Another notorious example is Lori Drew. She was prosecuted for creating a fake MySpace page and using that page to court then taunt a teenage girl, who later committed suicide. Again, a violation of MySpace’s terms of service and again, a federal felony.
Finally, there is the case of Andrew “Weev” Augheimer. Weev accessed an AT&T website used by iPads users to register their iPads. When the website was accessed with a user’s ID number, if they had previously registered, it displayed their email address that they registered with. Weev wrote a script that cycled through ID numbers and grabbed email addresses. In other words, he accessed a publically facing website (of the form http://att.com/ipad?id=1) and simply incremented the ID numbers.
None of the people in the previous two cases are shining examples of model citizens. Swartz is more of a Robin Hood character than swashbuckling criminal. But the question remains, is what they did (on a technical basis) so heinous? If I were to create a website with a link on the front page that says “You are not authorized to click this button” and you did, and it provided information on a second page; you’re now a criminal. Does this seem right?
While hacking is defined on a technical basis, the unauthorized access or exceeding authorized access of a computer, the criminality seems more based on the results, motives or intent. Clearly a case for prosecutorial discretion. No sane prosecutor would contemplate your trial for clicking that button, but Weev was a “bad” person. The prosecutor is that case said “His entire adult life has been dedicated to taking advantage of others, using his computer expertise to violate others’ privacy, to embarrass others, to build his reputation on the backs of those less skilled than he.” In this case, Weev wasn’t trying to spam the email addresses or gain financially, he was out to embarrass AT&T for their bad security.

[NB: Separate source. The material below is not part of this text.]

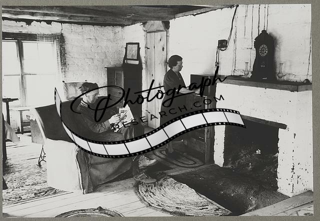 Pie Town,Catron County,NM,homesteader,wife,adobe house,interior,fireplace,1940

You don’t have to be a jerk to be scared of the law
But what about security researchers? White hat hackers whose job it is to expose security vulnerabilities with the aim of benefiting society by making it more security. They are scared. Scared of prosecution by an overzealous prosecutor or overly defensive company making a federal case out a genuine desire to do good. Rather than shore up their security, many companies would choose to hide behind the law, going after security researchers rather than improve their own products or spend the resources up front to build security in.
While I don’t have a good suggestion for codification of a law that punishes evil-doers while not punishing saints, I do know that the current state is not sustainable. The criminality should be in the results not the mechanism.
Which brings us back to Ethereum and the DAO. Ethereum is an experiment. It portends a future state of truly revolutionary computing. The DAO was an experiment. As with any start-up, its hard to spend money on security when you’re trying to build your product. But as the DAO shows, security can’t be an afterthought, even when you’re just experimenting.